The key to avoiding oversimplification is respecting the problem you're trying to resolve. To avoid the combat mentality, you need to go further – you need to respect the person you're talking to, and you need to respect yourself. Making sure that you respond in a way you can later be proud of will prevent you from being thrown off course if your counterpart is being openly hostile.

Fear, anger, embarrassment, defensiveness – any number of unpleasant feelings can course through us during a conversation we'd rather not have. Some of us react by confronting our counterpart more aggressively; others, by rushing to smooth things over. We might even see-saw between both counterproductive poles. Instead, move to the middle: state what you really want. The tough emotions won't evaporate. but with practice, you will learn to focus on the outcome you want in spite of them.

Lying, threatening, stonewalling, crying, sarcasm, shouting, silence, accusing, taking offense: tough talks can present an arsenal of thwarting ploys. (Just because you're trying to move beyond the combat mentality doesn't mean your counterpart is.) But you also have an array of potential responses, ranging from passive to aggressive. Again, the most effective is to move to the middle: disarm the ploy by addressing it. For instance, if your counterpart has stopped responding to you, you can simply say, "I don't know how to interpret your silence."
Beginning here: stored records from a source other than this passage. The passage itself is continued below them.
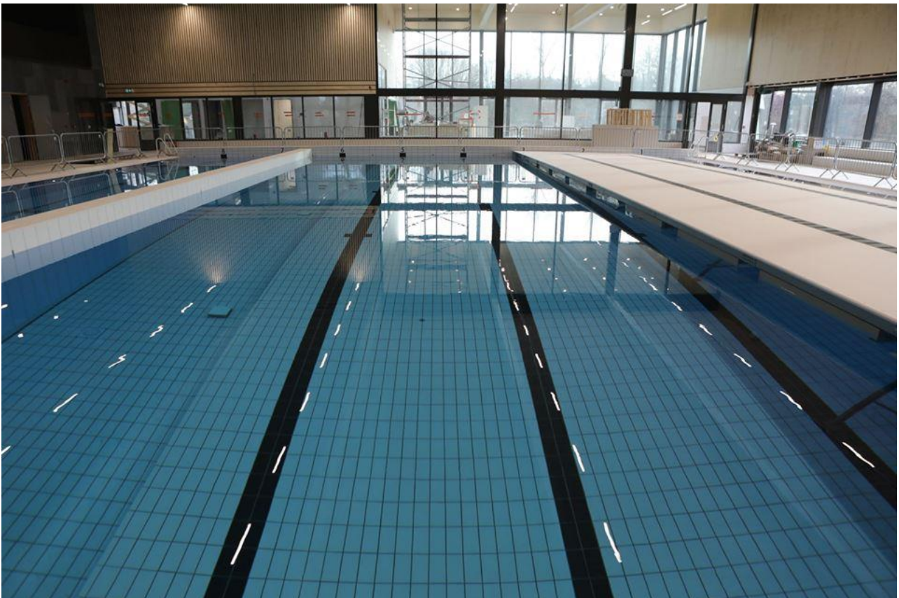
Lang leve het nieuwe binnenzwembad.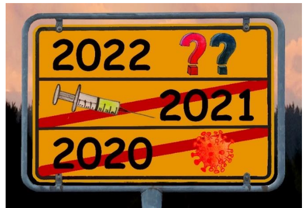
Illustrationen: Sara Weber in Pfarrbriefservice.de

Gisela Baltés, www.impulstexte.de , In: Pfarrbriefservice.de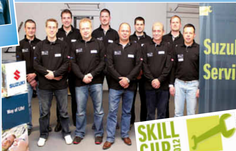
Die 10 Finalisten am 20. November 2012 in der Firmenzentrale in Bensheim

„Durch konsequente Aus- und Weiterbildung unserer Mitarbeiter erreichen wir ein sehr hohes Service Niveau, von dem unsere Kunden profitieren. Alle unsere Mitarbeiter nehmen regelmäßig an entsprechenden Schulungen teil, um bei der Fehlersuche und Wartung möglichst effizient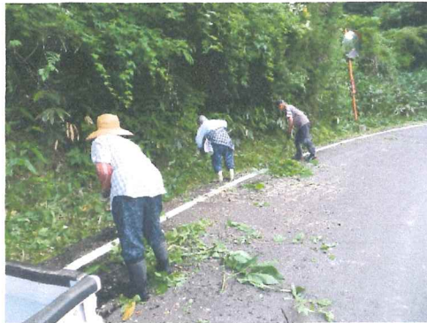
6 月 農道の草刈り 6 時は早いですが涼しい 内にと頑張りました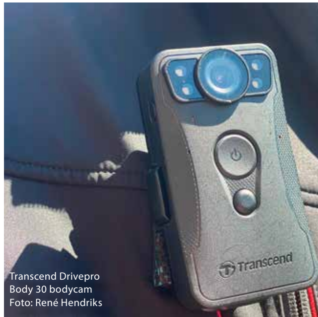
Transcend Drivepro Body 30 bodycam

De betere modellen hebben voldoende accu en flashgeheugen om een uur of 8 op te nemen;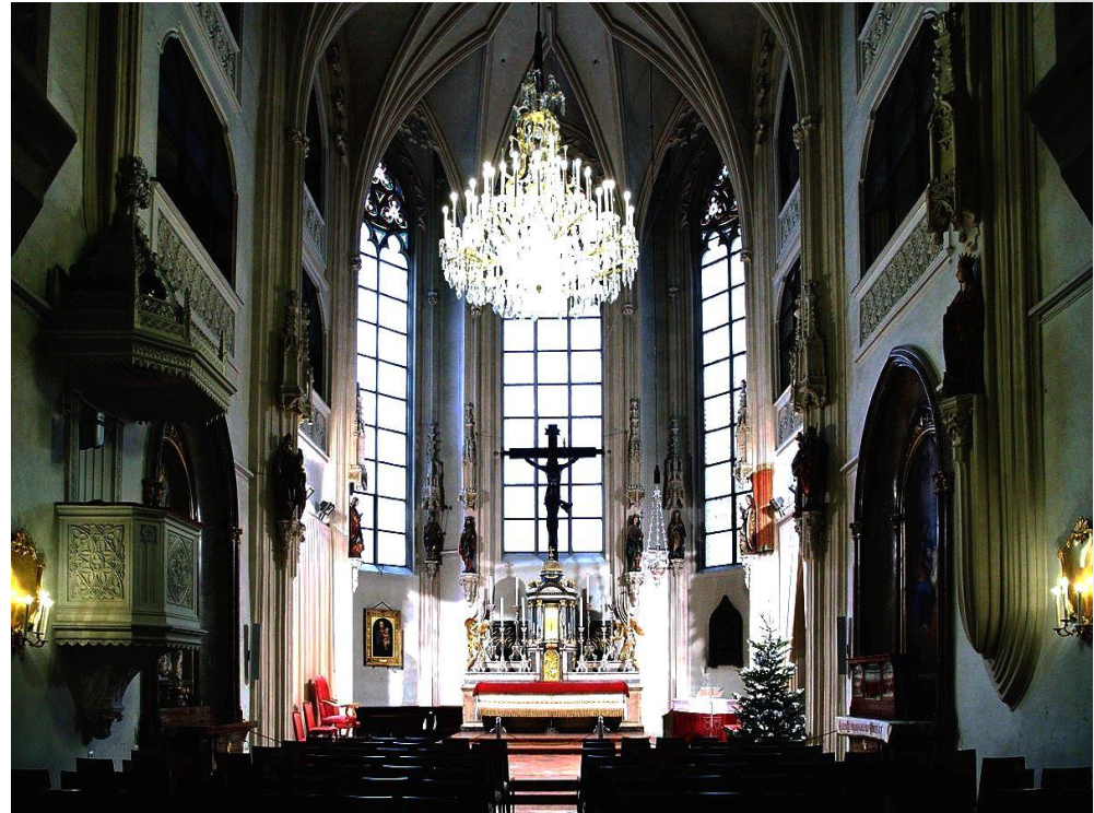
Венская придворная капелла.

Everyone has a weak spot. And when someone finds ours – whether inadvertently, with a stray arrow, or because he is hoping to hurt us – it becomes even harder to stay out of the combat mentality. Maybe yours is tied to your job – you feel like your department doesn't get the respect it deserves. Or maybe it's more personal. But whatever it is, take the time to learn what hooks you. Just knowing where you're vulnerable will help you stay in control when someone pokes you there.

If we're sure a conversation is going to be tough, it's instinctive to rehearse what we'll say. But a difficult conversation is not a performance, with an actor and an audience. Once you've started the discussion, your counterpart could react in any number of ways – and having a "script" in mind will hamper your ability to listen effectively and react accordingly. Instead, prepare by asking yourself: 1. What is the problem? 2. What would my counterpart say the problem is? 3. What's my preferred outcome? 4. What's my preferred working relationship with my counterpart? You can also ask the other person to do the same in advance of your meeting.
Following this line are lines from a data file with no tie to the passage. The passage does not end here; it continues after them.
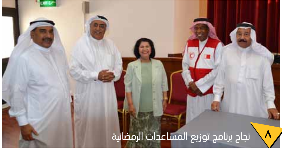
نجاح برنامج توزيع المساعدات الرمضانية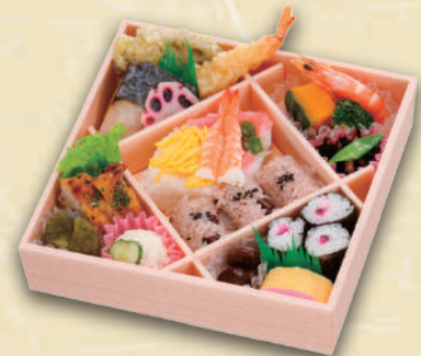
Y-22 あまのがわ <20x20cm> 本体価格1,112円 1,200円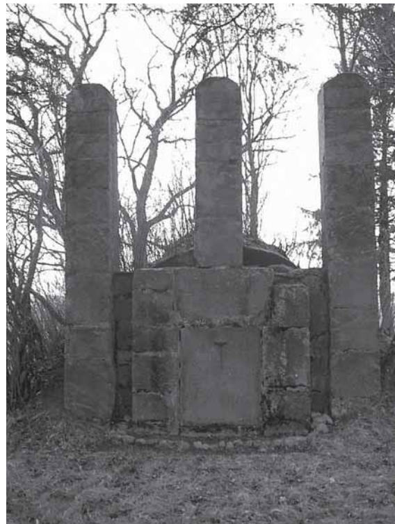
Daktaro Boleslovo Kauno-Kaunackio kapas-rūsvis su Gedimino stulpais Bugenių kaime

minti dar dėl vieno dalyko: kad jį pramokytų lotynų kalbos, tėvai į namus buvo parsivežę truikiniškį Tadeušą Knipavičių.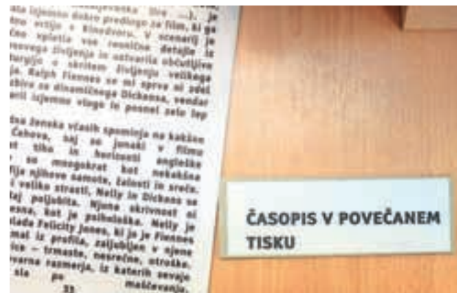
Razstavo so v torek odprli v knjižnici na Bledu, kjer bo na ogled še do konca meseca.

V sklopu projekta Knjižnica slepih in slabovidnih po slovenskih knjižnicah gostuje razstava z naslovom Svet drugačnih občutenj. Razstava se osredotoča na predstavitev tehničnih pripomočkov in gradiv, ki so dostopna slepim, slabovidnim in osebam z motnjami branja. Obiskovalci se tako lahko seznanijo, kako lahko beremo, ko gradiva niso dostopna našim očem, pa tudi, kako se je prilagajanje gradiva razvijalo v preteklosti in kateri so bili glavni mejniki razvoja.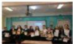
10-ая научно-практическая конференция учащихся «Через тернии к звездам!»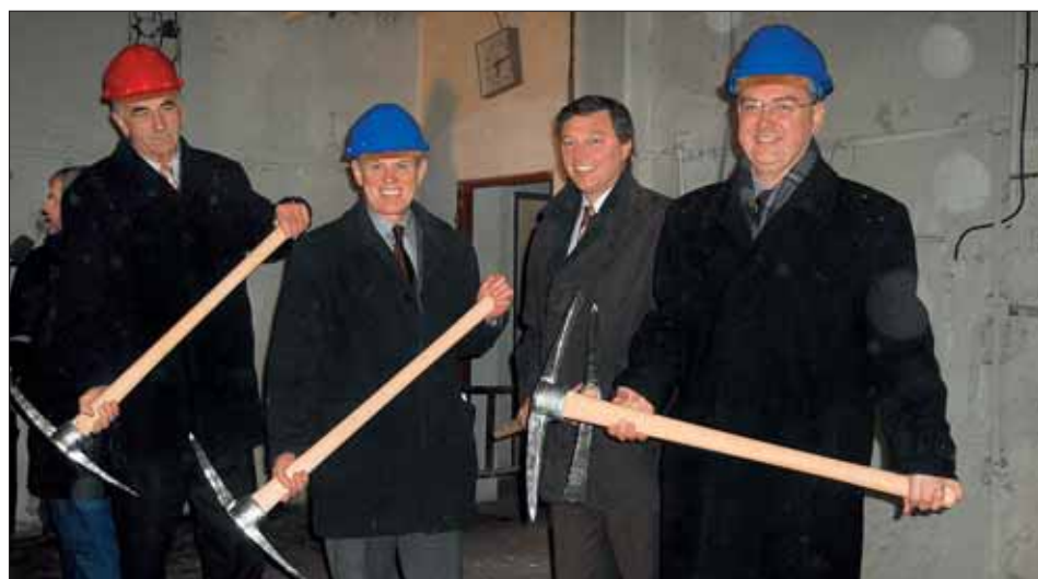
Krátce po začátku „bourání“ ve fabrice.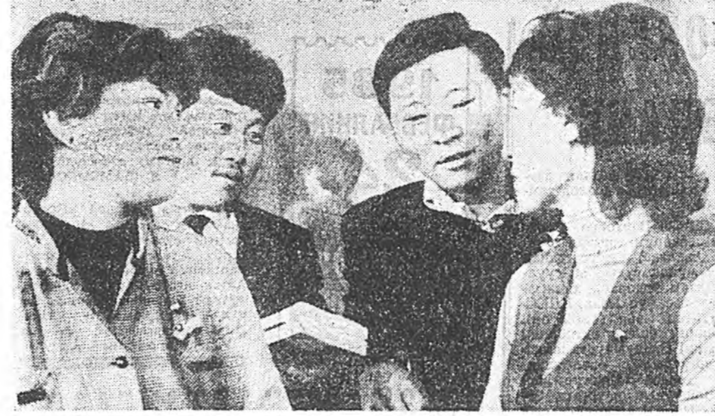
ЗУРАГ ДЭЭРЭ: [үүэн гарнаа] конференци делегатүүд — Улаан-Удын кондитерск фаб...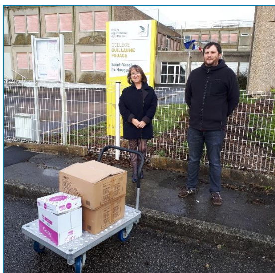
Ici, matériel collecté au collège Guillaume Fouace de Saint-Vaast-la-Hougue

Au total, ce sont 80 000 paires de gants, 20 000 charlottes, 6 000 sur chaussures, 2 000 masques, 3 500 « kits visiteurs » (ensemble composé de blouse, charlotte, masque et sur chaussures) et 100 litres de gel hydro alcoolique qui ont été rassemblés. Les collèges privés se sont eux aussi fortement mobilisés.

Optimists tend to assume that every disagreement is just a misunderstanding between two well-intentioned people; pessimists may feel that differences of opinion are actually ill-intentioned attacks. In the fog of a hard talk, we tend to forget that we don't have access to anyone's intentions but our own. Remember that you and your counterpart are both dealing with this ambiguity. If you get stuck, a handy phrase to remember is, "I'm realizing as we talk that I don't fully understand how you see this problem." Admitting what you don't know can be a powerful way to get a conversation back on track.
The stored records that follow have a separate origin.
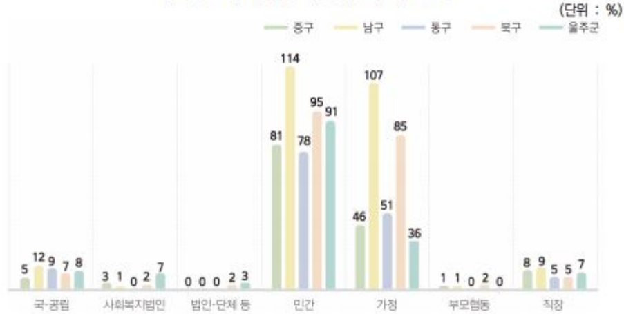
〈그림 III-2〉 유형별 어린이집 수 (2017)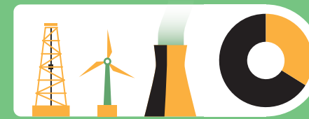
En el año 2010, los edificios concentraron el 32% del consumo global de energía final.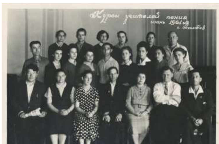
Курсы повышения квалификации учителей пения. Июнь 1961 г

После войны Тамбовский институт усовершенствования учителей открывает новую страницу своей истории: расширяются его площади, увеличивается количество кабинетов, появляются новые направления и формы работы.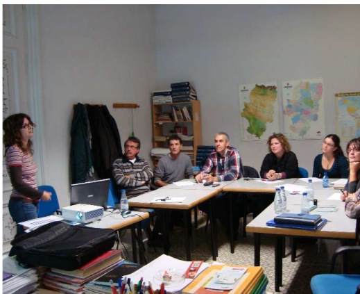
Plan de Juventud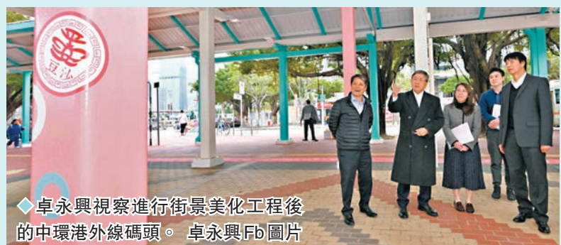
◆卓永興視察進行街景美化工程後的中環港外線碼頭。

香港文匯報訊 特區政府去年開展改善市容工作。其中，路政署在中環港外線碼頭、大圍港鐵站及荃灣路德園三個小區，進行街景美化工程。政務司副司長卓永興昨日在社交平台表示，路政署在中環港外線4號碼頭(往南丫島榕樹灣和索罟灣)、5號碼頭(往長洲)和6號碼頭(往大嶼山坪洲和梅窩)對出行人路的美化工程，經已竣工。本周初他約同路政署署長陳派明到現場，視察工程的效果。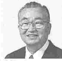
平山八郎 (ひらやまはちろう) (自民)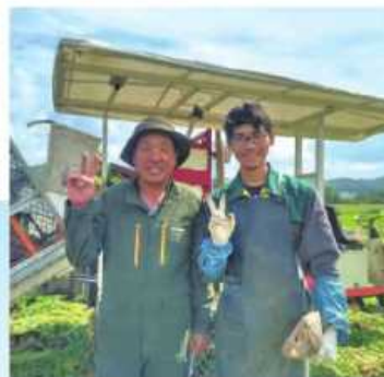
先進農家体験学習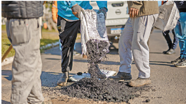
Buracos com até 50 centímetros de diâmetro serão fechados com asfalto frio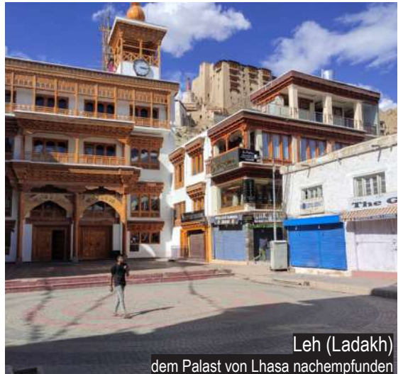
Leh (Ladakh) dem Palast von Lhasa nachempfunden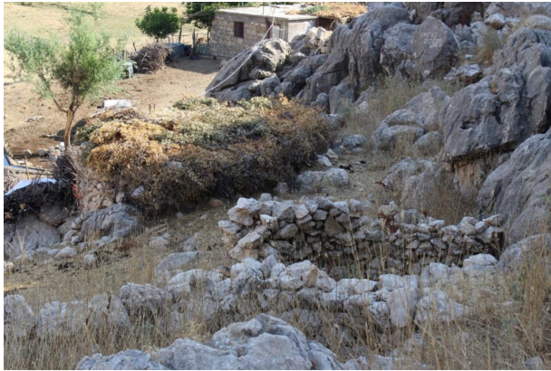
Fotoğraf 10. Avacık yaylasında Hol meskenler yerini betonarme binalara bırakmaktadır. Photo 10. Hol dwellings leave the place to reinforced concrete building, in Avacık yaylası.

Yaylanın geçmişte kullanım yoğunluğunu açık bir şekilde ortaya koyan 40'ın üzerinde mesken bakiyesi izlenirken (Fotoğraf 11), 2016 yılında sadece bir Hol'ün kullanılmakta olması bu meskenlerin akıbeti hakkında fikir vermektedir. Geline aşama ve yaşanan süreç, hem Kurdek yaylasında ve hem de Avacık yaylasında geleneksel meskenler olan kıl çadır ve Hol meskenlerin

The key in any tough talk is to always keep sight of the goal. Help prevent this by going into conversations with a clear, realistic preferred outcome; the knowledge of how you want your working relationship with your counterpart to be; and having done some careful thinking about any obstacles that could interfere with either. (Remember, "winning" is not a realistic outcome, since your counterpart is unlikely to accept an outcome of "losing.") If you've done the exercise described in Slide 7, this should be easier. And you'll be less likely to get thrown off course by either thwarting ploys or your own emotions.Slide 7

When we're caught off-guard, we're more likely to fall back into old, ineffective habits like the combat mentality. If you're not the one initiating the tough conversation, or if a problem erupts out of nowhere, stick to these basics: keep your content clear, keep your tone neutral, and keep your phrasing temperate. When disagreements flare, you'll be more likely to navigate to a productive outcome – and emerge with your reputation intact.